Dovevamo dire chi ci veniva a trovare, perché: tutto segnato, alla mattina e alla sera. Ma io non dicevo mai tutto e, quando finivo di fare l’elenco, l’ultimo nome lo mordevo insieme alla lingua, per evitare che mi uscisse.
«Non siete recluse, siete ospiti: non si lasciano le donne sole in casa senza cura. Che mariti vi siete scelte?»
E quella parola, cura, detta con la lingua sottile e biforcuta che sibilava, come la prima volta in cui mi hanno tolto i fogli, poi l’inchiostro, poi i vestiti, e a me non importava tanto dei vestiti o della carta, quanto della dignità che avrei perso, dicendo “sono pazza” o “non sono figlia di mio padre”.

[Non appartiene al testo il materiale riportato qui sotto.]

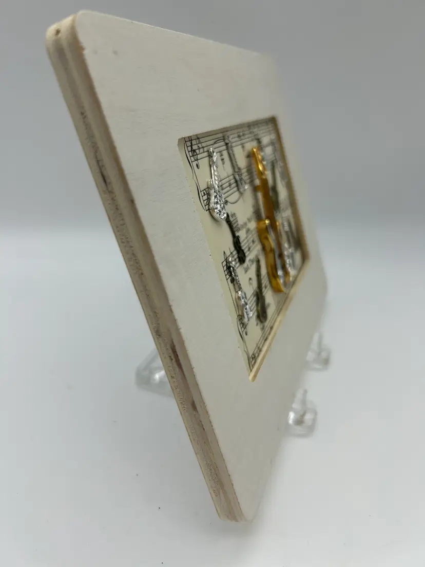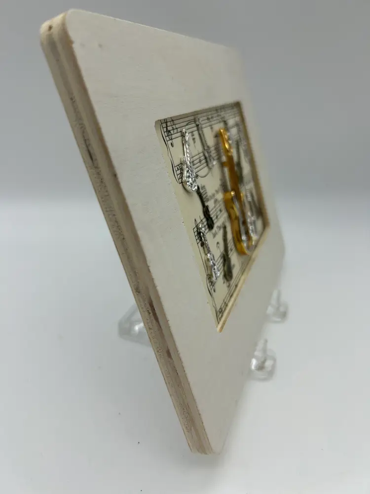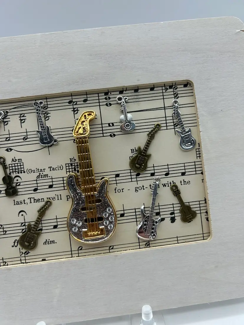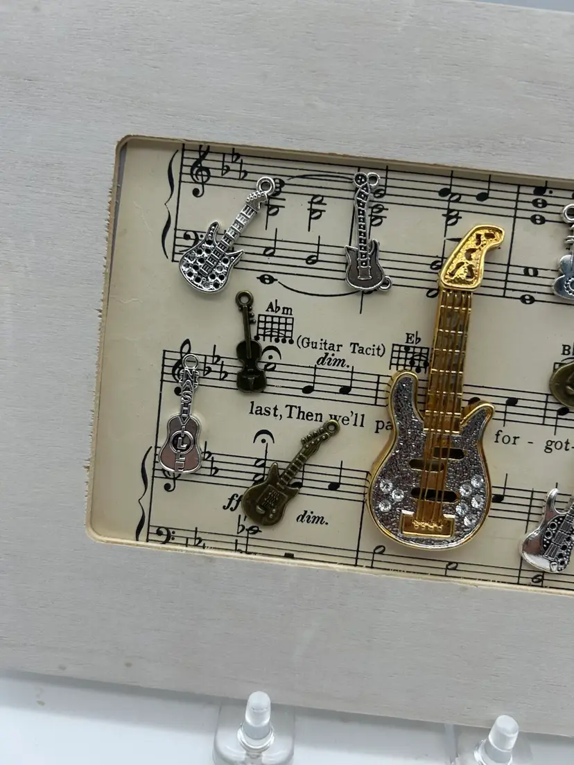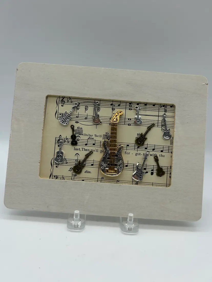 Repurposed frame from the thrift store that I added sheet music and guitar charms/brooches to. Perfect Christmas gift for music and guitar lovers. It measures approximately 8 1/2” wide by 6 1/2” tall.

Rimanere da sola, a morire di paura o senza vestiti addosso, non importava. Ci chiedevano le cose a muso duro, ci facevano sedere e ce le domandavano lentamente e a voce alta, come se fossimo davvero sorde e pazze, ci chiedevano chi avesse scritto cosa, quando, per chi, perché, il significato delle parole che usavamo ― forza, dignità, libertà ― e noi barattavamo la vita dicendo: “non lo so, sono pazza”.
«Vale’, la smetti di agitarti? Tra un po’ finisce l’ora.»

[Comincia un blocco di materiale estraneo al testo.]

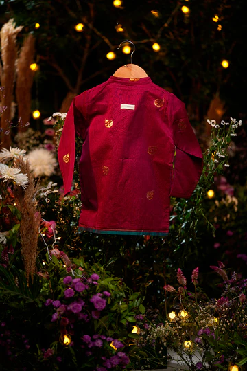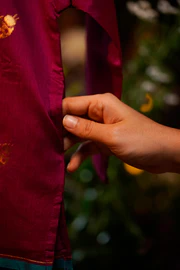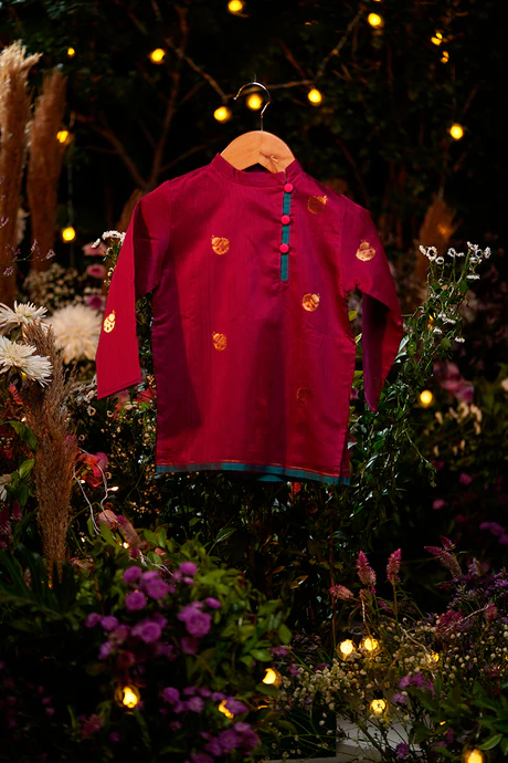 Sometimes love is truly in the details (and comfort!). Don’t miss the zari woven bugs (keeda), contrast teal selvedge and bright pink potli buttons! Oh! And did we mention it has pockets?

«Senti, oggi non è cosa, torniamo in classe, dammi i jeans per piacere, riporta le chiavi a tuo padre.»
«Tu non mi vuoi più.»
«Non essere ridicolo, non è questo.»
«Allora baciami, Vale’.»
«Dopo, fuori. Usciamo da qua, mi manca l’aria, dammi la maglietta.»
Sul corridoio passa la luce e, se abbasso lo sguardo, perché un po’ mi vergogno, un po’ mi dispiace farlo arrabbiare, lui mi prende la mano lo stesso, davanti alla terza B, e io finalmente sento scandite quelle parole che rimanevano mangiate dai vermi nell’infisso e le ripeto.
«Che dici, Vale’? Non capisco.»

Ti tengo nascosta, Valeria, murata come l'infisso; non ti faccio guardare da nessuno: te lo prometto. Mi chiudo gli occhi anche io, se vuoi, quando ridi e quando piangi, non ti tolgo nemmeno i vestiti. Ti prometto che finirà tutto poi torneremo indietro; facciamo finire tutto, Vale’, e tu sarai orgogliosa di me.